Каждый вечер, при свете лампы, я перелистывал мою старинную библию, и сон, чудесный детский сон, непреодолимый, как желание, окутывал меня, еще полного священных образов, теплой сладостной мглой. Патриархи, апостолы, дамы в гипюровых воротниках продолжали жить в моих сновидениях сверхъестественной жизнью. Моя библия превратилась для меня в бесспорную реальность, и я пытался включить в нее вселенную.
Вселенная простиралась для меня всего лишь до пределов набережной Малакэ, где я увидел свет, как говорит кроткая дева из Альбы[5]. С упоением вдыхал я воздух, овевающий эту область красоты и славы: Тюильри, Лувр, дворец Мазарини. Когда мне было пять лет, я еще плохо знал ту часть света, которая лежала позади Лувра, на правом берегу Сены. Левый берег я знал лучше, ибо жил там. Я доходил до конца улицы Малых Августинцев и был уверен, что вселенная кончается тут.
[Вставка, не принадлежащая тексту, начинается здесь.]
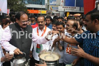 Photo Caption : BJP Leaders Venkaiah Naidu and PC Mohan distributing Modi Chaay to public, in support of BJP Prime Ministerial Candidate Narendra Modi, at Gandhi Nagar, in Bangalore on Saturday 1st February 2014
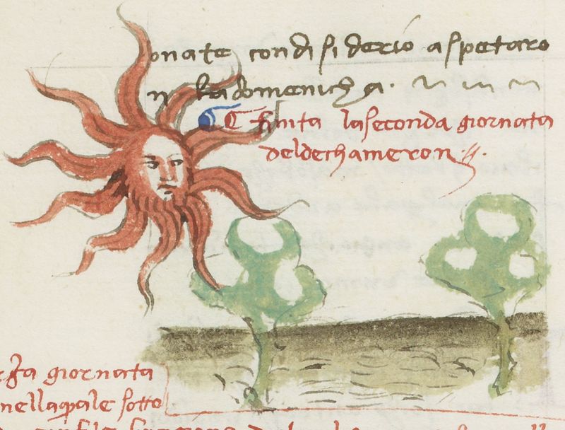 Parigi, Bibliothèque Nationale de France, It. 63, f. 89v. Il copista del manoscritto, datato 10 ottobre 1427, è Ludovico di Salvestro Ceffini. Il sole sorge sopra un paesaggio con …

Ныне улицу Малых Августинцев переименовали в улицу Бонапарта. Но в ту пору, когда она замыкала для меня всю вселенную, я видел, что с этой стороны края бездны охраняет чудовищный кабан и четыре каменных великана в ниспадающих до полу одеждах, — они сидели с книгой в руке под кровлей открытой беседки вокруг наполненного водой бассейна среди равнины, окаймленной деревьями, а неподалеку возвышалась огромная церковь. Вы меня не понимаете? Не знаете, о чем я говорю? Увы! Прожив позорную жизнь, несчастный кабан дома Бальи давно издох. Новые поколения не видели его, обреченного сносить поношения школьников. Не видели, как он лежал, полузакрыв глаза, безропотно покоряясь судьбе. Он жил когда то на углу улицы Бонапарта в сарае, окрашенном в желтый цвет и расписанном фресками, на которых изображены были фургоны, запряженные серыми в яблоках битюгами, — а теперь на этом месте высится пятиэтажный дом. И когда я прохожу мимо фонтана на площади св. Сульпиция, то четыре каменных великана уже не внушают мне мистического ужаса. Мне, как и прочим, известны их имена, их дарования, их история: это Боссюэ, Фенелон, Флешье и Массильон[6].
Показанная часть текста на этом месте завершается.